Se uma chave abre várias fechaduras, ela é uma chave mestra, uma coisa boa de se ter.
Já uma fechadura que é aberta por várias chaves diferentes… bem, esta é uma péssima coisa para se ter”.

Trabalho ou prazer?

“Um Presidente de uma determinada empresa, casado há 25 anos, está na maior dúvida se transar com a mulher, depois de tanto tempo de casamento, é trabalho ou prazer. Na dúvida, ligou pro Diretor Geral e perguntou-lhe o que ele achava.
O Diretor ligou pro Vice-Diretor e fez a mesma pergunta. O Vice-Diretor ligou pro Gerente Geral perguntando a mesma coisa.

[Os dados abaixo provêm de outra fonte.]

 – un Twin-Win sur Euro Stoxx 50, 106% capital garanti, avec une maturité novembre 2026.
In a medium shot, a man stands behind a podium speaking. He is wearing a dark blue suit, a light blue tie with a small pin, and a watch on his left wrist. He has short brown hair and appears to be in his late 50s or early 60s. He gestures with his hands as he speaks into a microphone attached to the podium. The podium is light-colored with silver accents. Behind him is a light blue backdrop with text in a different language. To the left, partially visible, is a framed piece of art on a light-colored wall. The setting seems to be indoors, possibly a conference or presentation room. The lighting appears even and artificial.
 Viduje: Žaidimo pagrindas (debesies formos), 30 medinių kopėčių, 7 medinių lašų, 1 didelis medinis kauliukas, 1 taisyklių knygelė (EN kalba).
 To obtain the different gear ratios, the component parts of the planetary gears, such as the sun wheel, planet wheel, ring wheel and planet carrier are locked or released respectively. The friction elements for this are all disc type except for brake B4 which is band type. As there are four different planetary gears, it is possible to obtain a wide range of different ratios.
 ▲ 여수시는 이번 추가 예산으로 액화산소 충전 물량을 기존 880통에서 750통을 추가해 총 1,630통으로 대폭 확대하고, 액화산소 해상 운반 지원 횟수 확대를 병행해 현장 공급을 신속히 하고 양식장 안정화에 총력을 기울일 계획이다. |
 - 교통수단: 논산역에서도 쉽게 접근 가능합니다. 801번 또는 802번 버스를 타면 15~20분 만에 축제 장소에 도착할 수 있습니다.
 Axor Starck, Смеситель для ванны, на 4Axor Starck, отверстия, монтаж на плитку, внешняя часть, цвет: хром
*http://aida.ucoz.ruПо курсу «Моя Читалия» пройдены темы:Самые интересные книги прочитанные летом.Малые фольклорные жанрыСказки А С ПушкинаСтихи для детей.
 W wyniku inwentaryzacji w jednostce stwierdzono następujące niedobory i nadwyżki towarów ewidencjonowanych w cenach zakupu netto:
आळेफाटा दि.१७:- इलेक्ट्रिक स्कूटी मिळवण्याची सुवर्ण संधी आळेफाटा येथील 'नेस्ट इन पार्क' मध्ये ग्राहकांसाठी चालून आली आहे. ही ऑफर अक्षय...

E assim seguiu-se a corrente de ligações até que a pergunta chegou ao Setor Jurídico e o Advogado Chefe perguntou como de praxe, pro Estagiário que estava todo afobado fazendo mil coisas ao mesmo tempo.

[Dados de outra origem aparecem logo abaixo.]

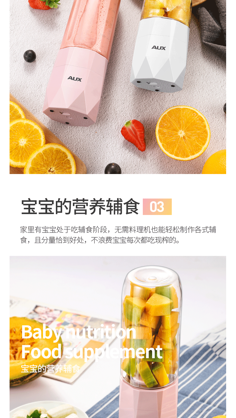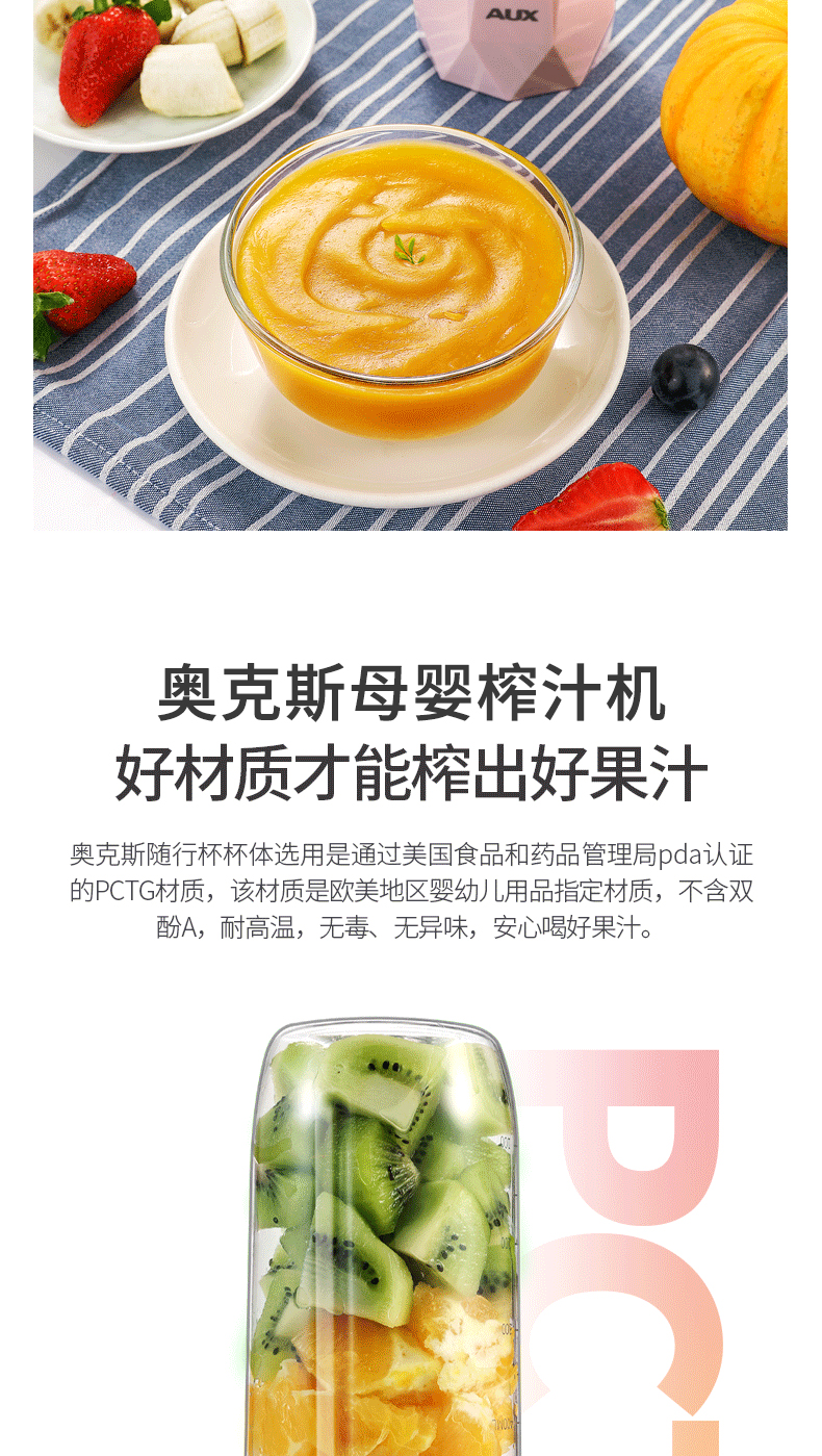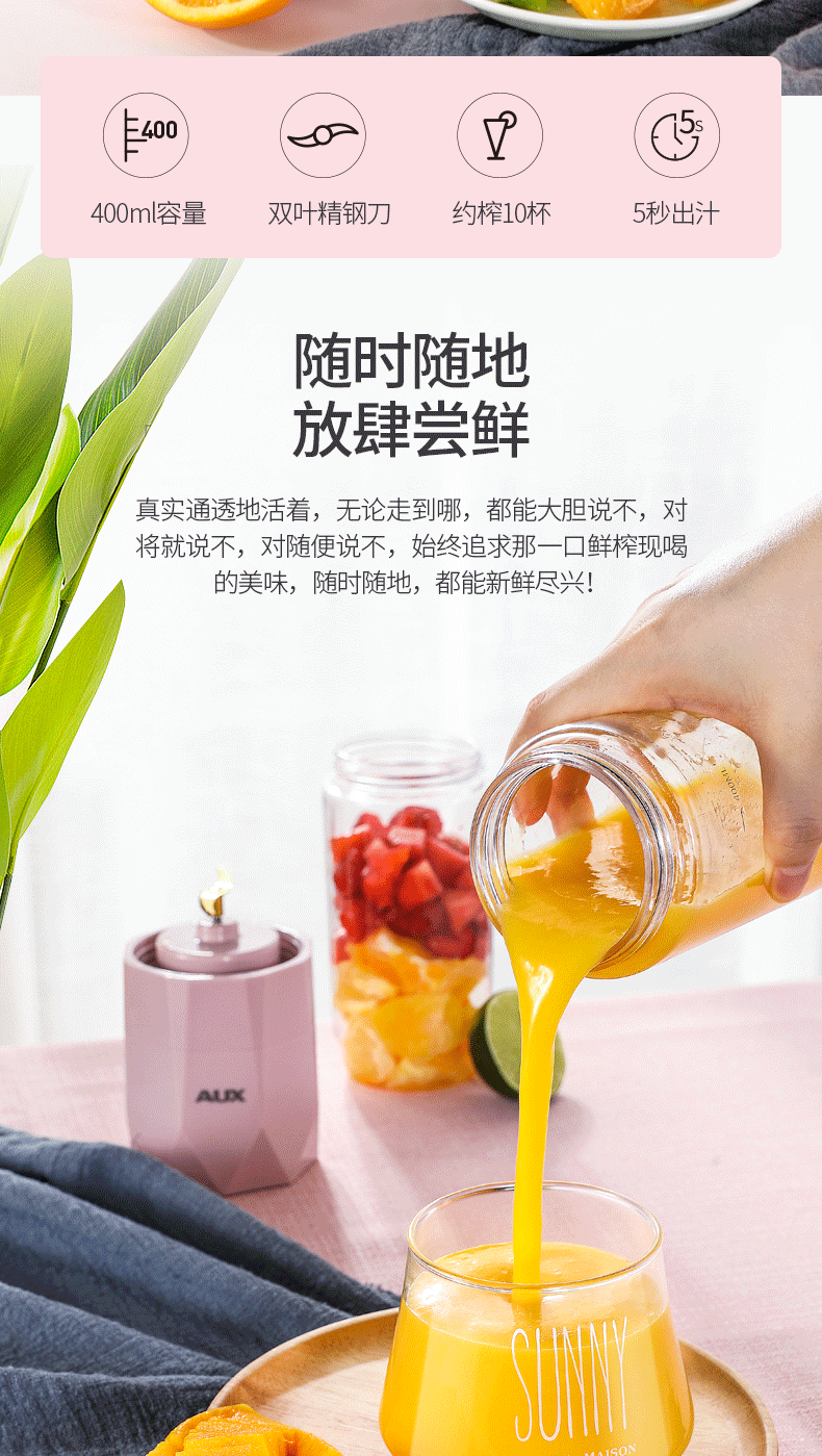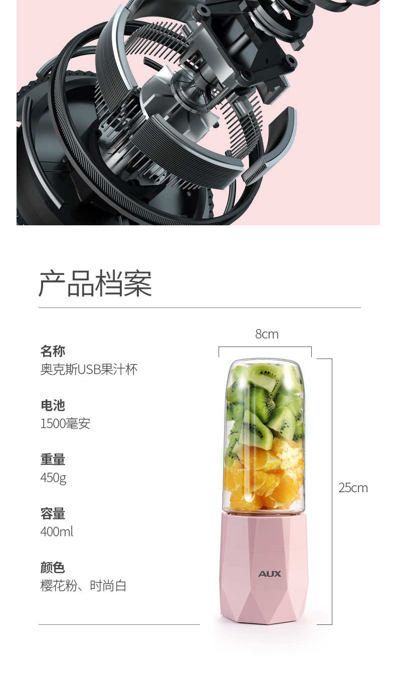 【奥克斯】新款榨汁机菱形钻石切割设计,采用进口Tritan婴儿奶瓶材质,400毫升大容量,超大电池,强劲动力,双也镀钛钢刀头,5秒快速榨汁,纯真细腻,一键自动清洗,辅食,碎冰,搅拌,豆浆,制奶昔一机搞

– Ôh rapaz, você tem um minuto pra responder se quando o Presidente da empresa transa com a mulher dele é trabalho ou prazer???
– É prazer, Doutor!!! – respondeu o Estagiário prontamente e com segurança.
– Ué? Como é que você pode responder isso com tanta segurança e certeza?
– É que… Se fosse trabalho, já tinham mandado eu fazer !!!”

Acredito que assim como essa “cambada” de descompromissados ignora o motivo de algumas de suas atitudes, qualquer um de nós acaba realizando tarefas, que deveriam ser prazerosas, como se fossem obrigação ou necessidade.
Mas na medida em que nos transformamos, ao longo dos anos, as coisas vão mudando. Existe um prazer indiscutível no trabalho que as pessoas idosas realizam. Acreditamos que o idoso deve ser poupado de trabalhar, inclusive poupado de pequenos serviços domésticos, porque assim nos diz nosso coração de gente nova, ou porque fomos instruídos para poupar nossos pais no final da vida, por eles mesmos.
Bom, eu que logo farei 60 anos, não pretendo parar tão cedo, e, não vejo ninguém perto de mim com força o bastante para me impedir.
Curiosamente o eletricista e o encanador que fazem serviços na minha casa são adoráveis senhores de mais de oitenta anos. O eleticista quase me infarta quando sobe com a maior desenvoltura no telhado. Por aqui, em casa, costumam chamar esses profissionais de “New Tricks”, alusão à série inglesa.
Mas eu prefiro lidar com gente que aprendeu ao longo da vida a ser responsável e a gostar do que faz. Por outro lado, há 4 dias chamei o construtor, rapaz de menos de 40 anos, responsável pela reforma da minha casa e ainda estou aguardando ele chegar. Deve ter se perdido no caminho. O mesmo posso falar da arquiteta, também com menos de quarenta mas sem muita pressa para cumprir prazos.
Então, eu prefiro quem faz por prazer e que não precisa consultar alguém para esclarecê-lo acerca disso.
Mas que tem gente igual a esse empresário, tem sim; e, aos montes.